The third novella, "The Body" has to be King's best work by far. So good that it made me think of my own childhood, something I hadnt done much of recently. King writes really well about children, they are his best characters in all the other books I had read too. This story was like a reminiscence of the author himself, written in the first person, talking about his childhood friends. So well written that I ended up recalling my own school friends, searched for them on the internet, found them and started an email correspondence. That has got to be some powerful story, right?

So the fourth novella of Different Seasons, "The breathing method" came as an anticlimax. An excellent story in its own right, as good as the best in Night Shift, but I took three days to read its 50 pages. I was in another place mentally, you see.

Strange how a random act of reading a book can lead to totally unforseen conclusions. So is life random? Or is the seed of every future event burried in our past?

I have started on The Stand. Let us see how it pans out - all 750 pages of it! Every book by King would be much improved if they were cut down to about a third of the length.

(Finished The Stand with difficulty. Horrible. Pages and pages of inconsequential bilge that I speed read through. Twenty years of separation between Stand and Dreamcatcher havent made any difference - same rubbish.
September 3, 2007 9:59 PM )

Monday, August 27, 2007

Day 1: On blogs and old friends

I once again have decided to start a blog. The last one lasted for exactly one post. Then I forgot the address! So the damn thing is lost in cyberspace somewhere.

Why a blog?

Well, I have spent the last week meeting three of my old school friends on the internet. Checked out my old school (DTEA RK Puram) on google search, discovered an alumni page, found some phone numbers and email IDs and voila! I am in touch with one classmate right here in Delhi (whose address and phone numbers I had lost long ago), one in Hongkong and the third in Bangalore.

I then exchanged details separately with the three of them. So much easier if I had a blog, to let my friends know what is happening in my life right now. Thats what I felt, when I visited the blog of my niece, who is from a different generation and much more net savvy than I could ever be.

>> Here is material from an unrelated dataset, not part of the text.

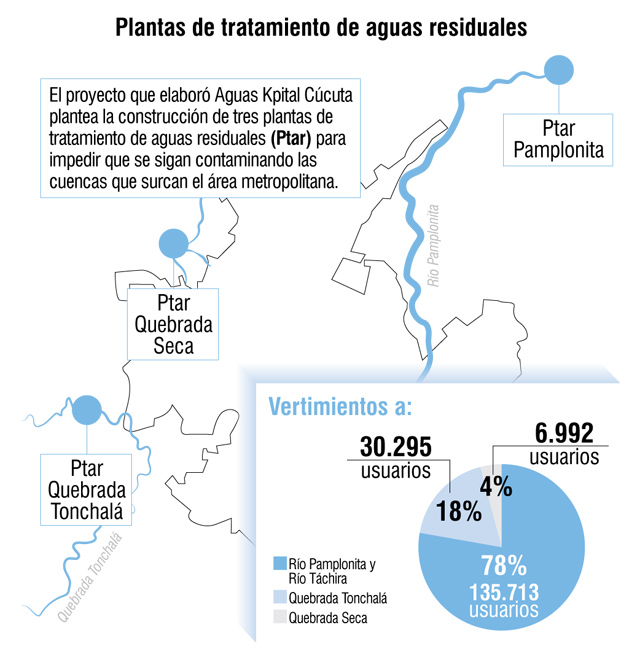 Aunque desde 1984 se habla de la construcción de las plantas de tratamiento de aguas residuales (ptar) en Cúcuta, solo hasta el presente año y a solicitud de la Alcaldía y de la Empresa de Acueducto y Alcantarillado EIS Cúcuta, la empresa Aguas Kpital estructuró lo que se aspira a que sea la solución para poner fin a la contaminación de los tres ríos de la zona.

And yet, it is frightening just how much I can find out about just anybody by spending half an hour on the internet. In fact, I was actually googling for a person's name, another old school mate, for whom I had used "DTEA" to refine the search, that I happened upon the alumni site. Then I googled my own name and was amazed. Of course, my medical publications came up, but so did my contact addresses and many other details - if anybody wanted to find out all about me, it would be so easy.

And here I am, putting more fingerprints on the internet. I guess I decided information overload would ensure that the details would actually become more difficult to fish out. Believe me, I have actually experienced this while doing a medical literature search - relevant information has a tendency to be hidden beneath such a lot of irrelevance that it is like finding a needle in a haystack.

The real reason is of course plain boredom, not having anything to do (more precisely, not having the inclination to do any of the things I am supposed to be doing right now!) - so let me start a blog.

And maybe, just maybe, I would actually start having thoughts which are worth writing down, rather than the random and mostly unnecessary ruminations which occupy my mind all the while.